> Recorded data
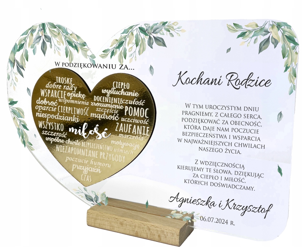Статуетка у формі серця з принтом для батьків. Подаруйте своїм батькам оригінальний подарунок, який надовго залишиться в їх пам'яті. Такий подарунок неодмінно викличе емоції і залишиться у вашій пам'яті на довгі роки. Статуетка з акрилового скла із золотим серцем із дзеркальним ефектом - унікальний подарунок на подяку батькам у день весілля.
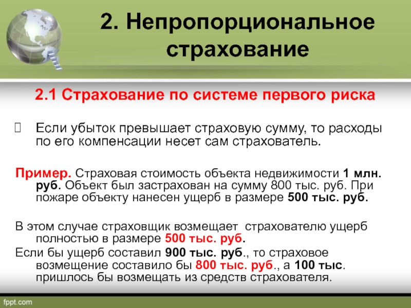 2.1 Страхование по системе первого риска
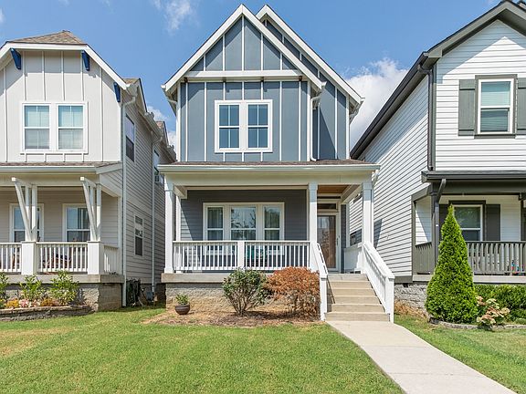 All this at a new price! Fabulous walkable West Nashville Nations neighborhood with shops & dining. This one owner home is open concept w a bed down, primary up, bonus and 3 porches! Vaulted ceiling in primary with a stunning bathroom and double closets will WOW! Lots of upgrades....coffered ceiling in dining area, real sand and finish hardwoods throughout, tile in baths, wood shelving in closets, Levelor blinds, both rear porches have storage, fully finished two car garage and permanent gas line installed for grill and future LR fireplace Chefs kitchen with stunning granite, stainless appliances that remain, pantry, beautiful backsplash, & tankless water heater. Privacy fenced rear yard & outdoor living areas makes this one stand out! Just a 10-15 minute drive to Vanderbilt.
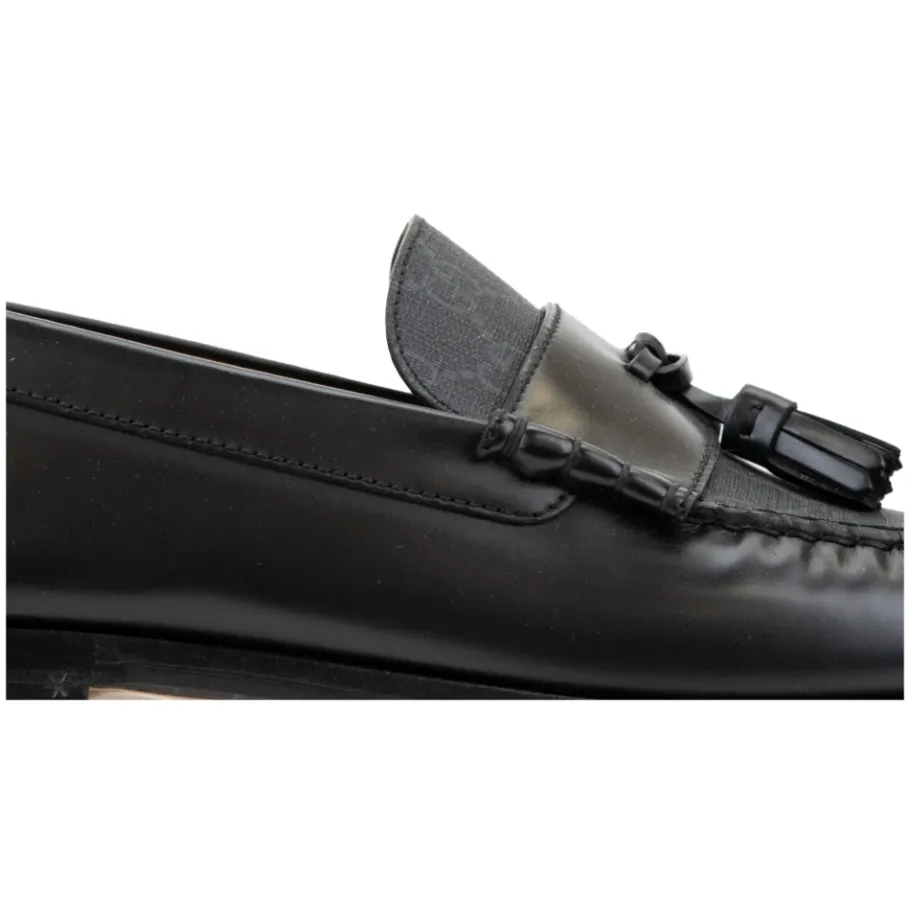 Upgrade je stijl met deze heren loafers van Gucci. Gemaakt in Italië, deze leren loafers hebben een stoffen bovenlaag versierd met het iconische ‘GG’ logo motief. Gedetailleerd met leren franjes aan de voorkant en een hiel van suède leer, bieden deze loafers zowel stijl als comfort. De leren binnenzool is voorzien van het Gucci logo, terwijl de leren zool duurzaamheid garandeert. Neem contact met ons op voor de maat van de binnenzool. Hakhoogte: 2,5 cm.

> Your assignment
Put down exactly the lines of the data above that run from its first line through the line bearing "2.1 Страхование по системе первого риска", and no pictures.

> Solution
Статуетка у формі серця з принтом для батьків. Подаруйте своїм батькам оригінальний подарунок, який надовго залишиться в їх пам'яті. Такий подарунок неодмінно викличе емоції і залишиться у вашій пам'яті на довгі роки. Статуетка з акрилового скла із золотим серцем із дзеркальним ефектом - унікальний подарунок на подяку батькам у день весілля.
 2.1 Страхование по системе первого риска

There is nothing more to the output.